# Assigned task
For the entries that follow, retype exactly the lines from the one containing "2024年9月21日,美國總" to the one containing "The INVANTI E30", inclusive, and only those. Images stay out of the copy.

# Recorded information
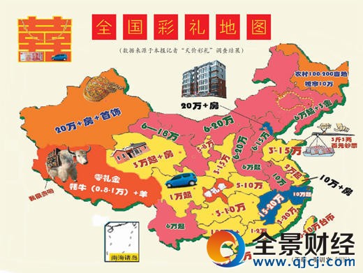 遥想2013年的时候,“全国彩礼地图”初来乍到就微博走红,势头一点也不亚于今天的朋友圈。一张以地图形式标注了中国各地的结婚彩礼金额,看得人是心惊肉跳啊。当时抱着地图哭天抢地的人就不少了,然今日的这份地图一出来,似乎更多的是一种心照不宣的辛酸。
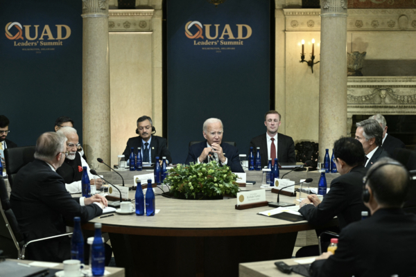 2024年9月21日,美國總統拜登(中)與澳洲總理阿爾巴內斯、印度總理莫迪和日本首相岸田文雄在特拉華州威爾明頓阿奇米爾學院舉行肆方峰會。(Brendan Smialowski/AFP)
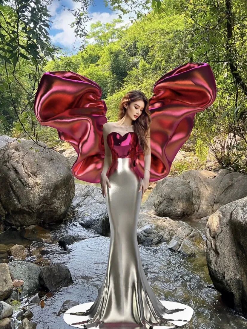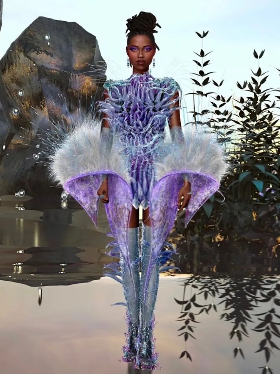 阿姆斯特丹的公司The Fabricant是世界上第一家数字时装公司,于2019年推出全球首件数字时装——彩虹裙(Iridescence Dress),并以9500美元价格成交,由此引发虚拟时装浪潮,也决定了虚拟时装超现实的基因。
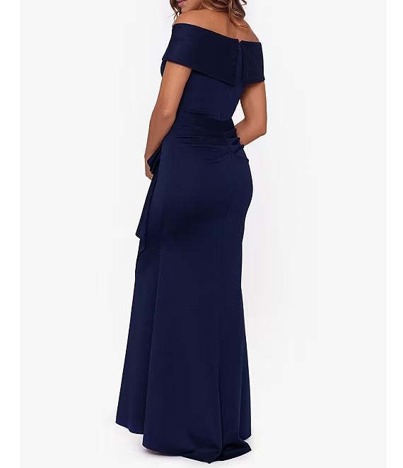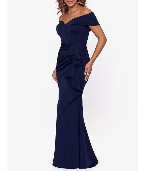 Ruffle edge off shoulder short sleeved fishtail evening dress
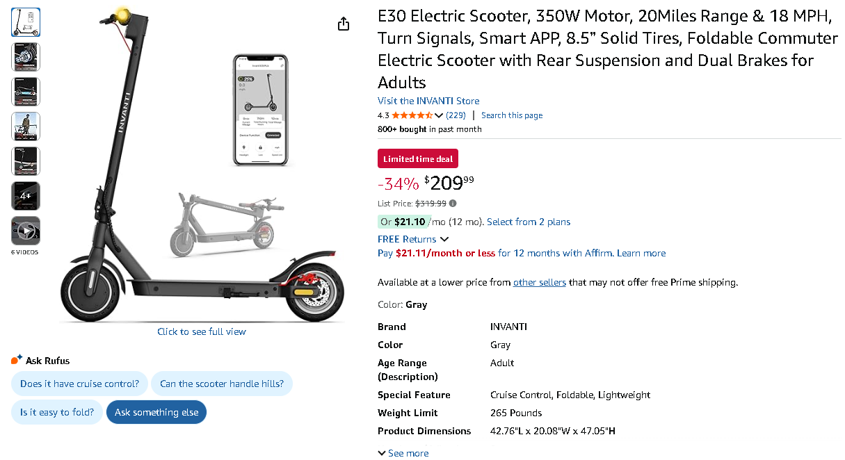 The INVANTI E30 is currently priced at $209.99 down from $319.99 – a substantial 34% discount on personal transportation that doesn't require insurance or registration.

==

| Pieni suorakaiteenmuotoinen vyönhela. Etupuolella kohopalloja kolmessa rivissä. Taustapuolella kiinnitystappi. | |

==

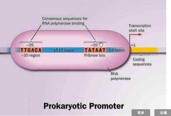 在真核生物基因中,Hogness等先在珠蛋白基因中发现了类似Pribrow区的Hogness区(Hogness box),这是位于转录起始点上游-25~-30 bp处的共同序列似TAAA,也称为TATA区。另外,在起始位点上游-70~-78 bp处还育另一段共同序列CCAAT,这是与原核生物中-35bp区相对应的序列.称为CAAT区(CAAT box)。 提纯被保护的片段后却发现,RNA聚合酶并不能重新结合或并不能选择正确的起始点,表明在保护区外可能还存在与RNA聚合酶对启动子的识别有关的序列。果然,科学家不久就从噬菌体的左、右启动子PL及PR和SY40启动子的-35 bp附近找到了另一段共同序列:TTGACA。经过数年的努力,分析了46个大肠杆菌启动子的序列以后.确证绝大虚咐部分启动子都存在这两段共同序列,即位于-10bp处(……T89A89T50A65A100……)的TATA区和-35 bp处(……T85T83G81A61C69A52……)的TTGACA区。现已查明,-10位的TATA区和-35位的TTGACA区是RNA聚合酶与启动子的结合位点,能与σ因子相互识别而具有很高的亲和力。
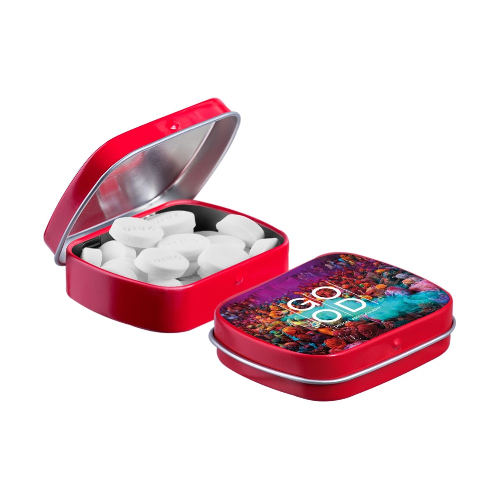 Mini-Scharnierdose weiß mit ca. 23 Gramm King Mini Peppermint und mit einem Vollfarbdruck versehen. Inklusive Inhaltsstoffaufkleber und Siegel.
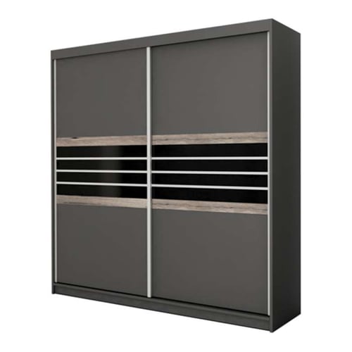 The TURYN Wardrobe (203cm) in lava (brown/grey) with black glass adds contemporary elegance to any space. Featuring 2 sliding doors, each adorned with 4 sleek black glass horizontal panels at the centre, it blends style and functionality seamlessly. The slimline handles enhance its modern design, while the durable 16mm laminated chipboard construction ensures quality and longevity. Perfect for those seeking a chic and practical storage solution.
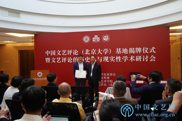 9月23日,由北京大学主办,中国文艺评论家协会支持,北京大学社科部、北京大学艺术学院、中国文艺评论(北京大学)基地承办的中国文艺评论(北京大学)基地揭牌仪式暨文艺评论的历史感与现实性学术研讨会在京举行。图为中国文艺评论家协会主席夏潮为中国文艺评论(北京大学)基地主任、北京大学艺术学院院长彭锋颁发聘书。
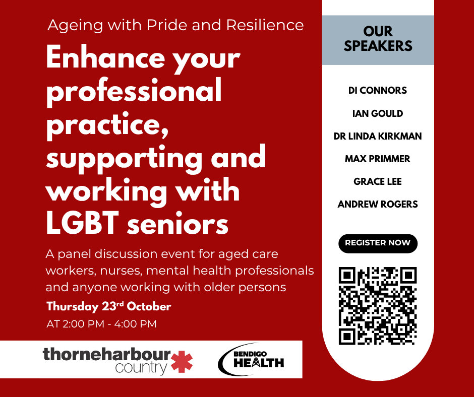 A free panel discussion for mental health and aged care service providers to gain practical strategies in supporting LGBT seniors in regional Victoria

# Exercise output
 2024年9月21日,美國總統拜登(中)與澳洲總理阿爾巴內斯、印度總理莫迪和日本首相岸田文雄在特拉華州威爾明頓阿奇米爾學院舉行肆方峰會。(Brendan Smialowski/AFP)
 阿姆斯特丹的公司The Fabricant是世界上第一家数字时装公司,于2019年推出全球首件数字时装——彩虹裙(Iridescence Dress),并以9500美元价格成交,由此引发虚拟时装浪潮,也决定了虚拟时装超现实的基因。
 Ruffle edge off shoulder short sleeved fishtail evening dress
 The INVANTI E30 is currently priced at $209.99 down from $319.99 – a substantial 34% discount on personal transportation that doesn't require insurance or registration.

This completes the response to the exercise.